__Problem statement__
Leave out the images and transcribe the entries below word for word.

□ □ □

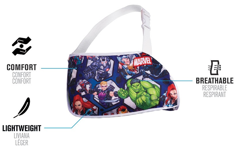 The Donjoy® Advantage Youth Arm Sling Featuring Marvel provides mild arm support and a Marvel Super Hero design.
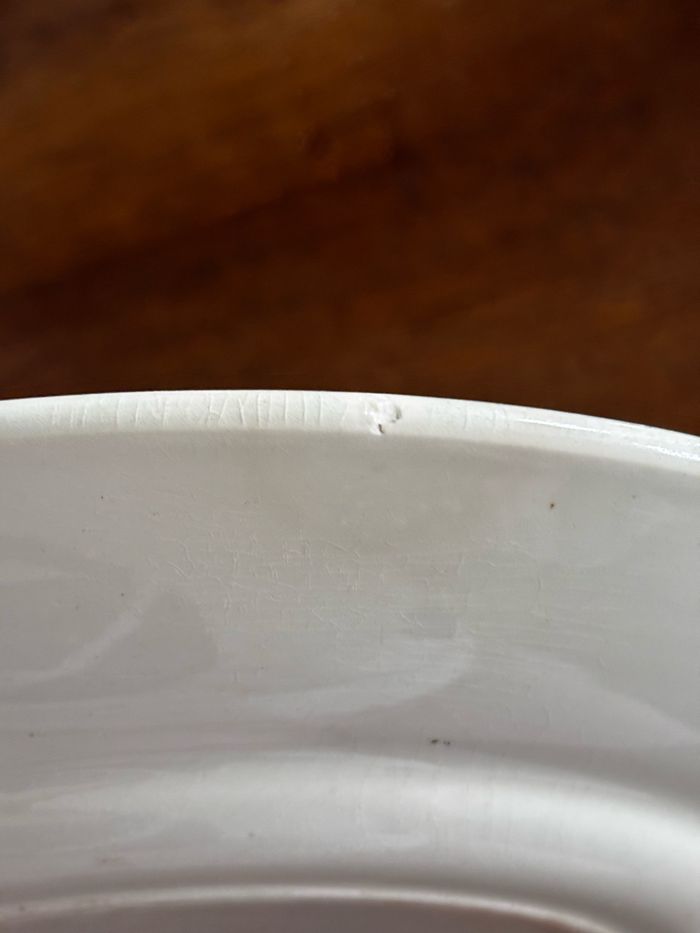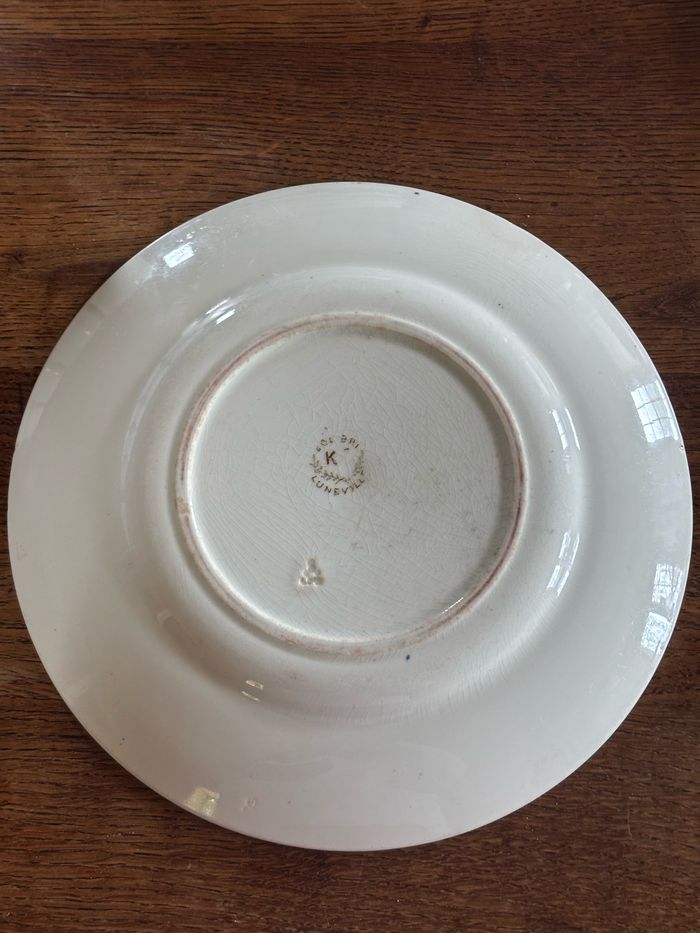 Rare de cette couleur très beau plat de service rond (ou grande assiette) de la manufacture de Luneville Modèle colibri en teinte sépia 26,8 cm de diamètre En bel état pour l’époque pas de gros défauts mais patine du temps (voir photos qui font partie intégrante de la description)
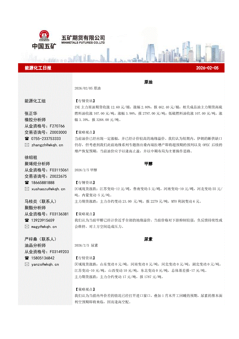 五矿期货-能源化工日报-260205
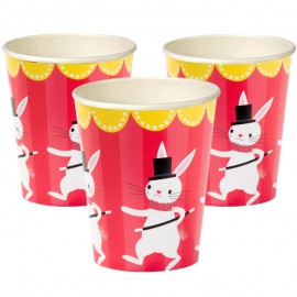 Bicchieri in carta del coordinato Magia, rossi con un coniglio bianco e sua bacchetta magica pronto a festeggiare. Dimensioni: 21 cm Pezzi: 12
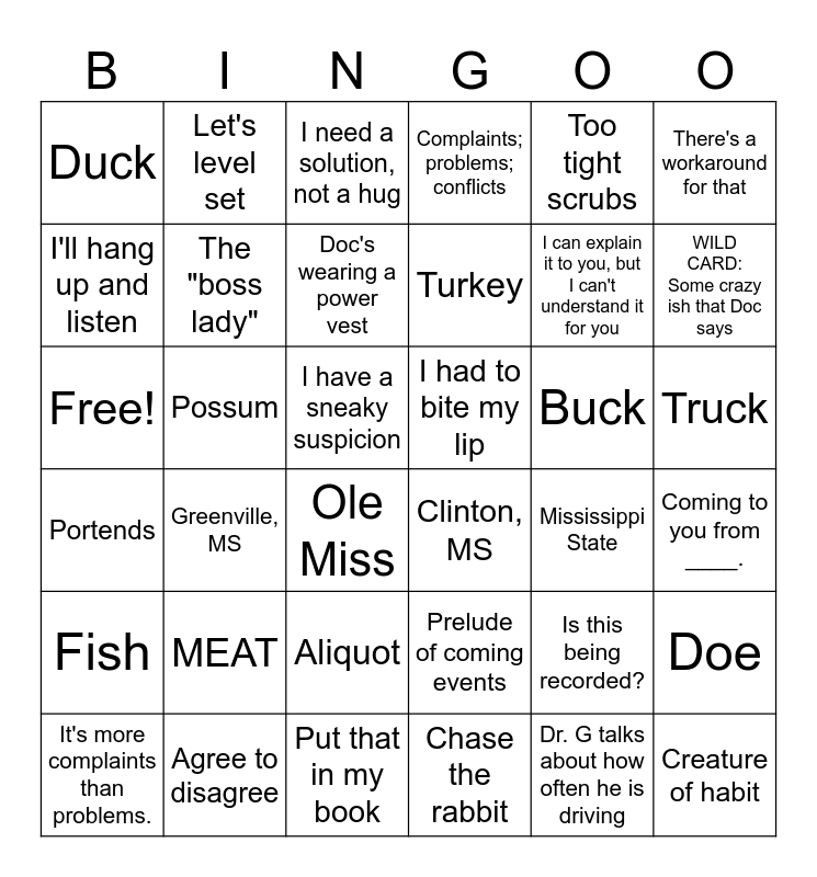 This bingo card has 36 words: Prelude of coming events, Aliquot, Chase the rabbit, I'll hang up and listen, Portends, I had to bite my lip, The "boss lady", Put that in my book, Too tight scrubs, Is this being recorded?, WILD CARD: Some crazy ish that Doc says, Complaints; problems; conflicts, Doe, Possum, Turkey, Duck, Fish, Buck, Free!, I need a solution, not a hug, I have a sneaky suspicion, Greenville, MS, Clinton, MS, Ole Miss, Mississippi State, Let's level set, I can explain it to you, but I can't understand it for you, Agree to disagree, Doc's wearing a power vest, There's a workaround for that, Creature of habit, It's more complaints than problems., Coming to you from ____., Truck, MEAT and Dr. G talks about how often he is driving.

□ □ □

__Response below__
 The Donjoy® Advantage Youth Arm Sling Featuring Marvel provides mild arm support and a Marvel Super Hero design.
 Rare de cette couleur très beau plat de service rond (ou grande assiette) de la manufacture de Luneville Modèle colibri en teinte sépia 26,8 cm de diamètre En bel état pour l’époque pas de gros défauts mais patine du temps (voir photos qui font partie intégrante de la description)
 五矿期货-能源化工日报-260205
 Bicchieri in carta del coordinato Magia, rossi con un coniglio bianco e sua bacchetta magica pronto a festeggiare. Dimensioni: 21 cm Pezzi: 12
 This bingo card has 36 words: Prelude of coming events, Aliquot, Chase the rabbit, I'll hang up and listen, Portends, I had to bite my lip, The "boss lady", Put that in my book, Too tight scrubs, Is this being recorded?, WILD CARD: Some crazy ish that Doc says, Complaints; problems; conflicts, Doe, Possum, Turkey, Duck, Fish, Buck, Free!, I need a solution, not a hug, I have a sneaky suspicion, Greenville, MS, Clinton, MS, Ole Miss, Mississippi State, Let's level set, I can explain it to you, but I can't understand it for you, Agree to disagree, Doc's wearing a power vest, There's a workaround for that, Creature of habit, It's more complaints than problems., Coming to you from ____., Truck, MEAT and Dr. G talks about how often he is driving.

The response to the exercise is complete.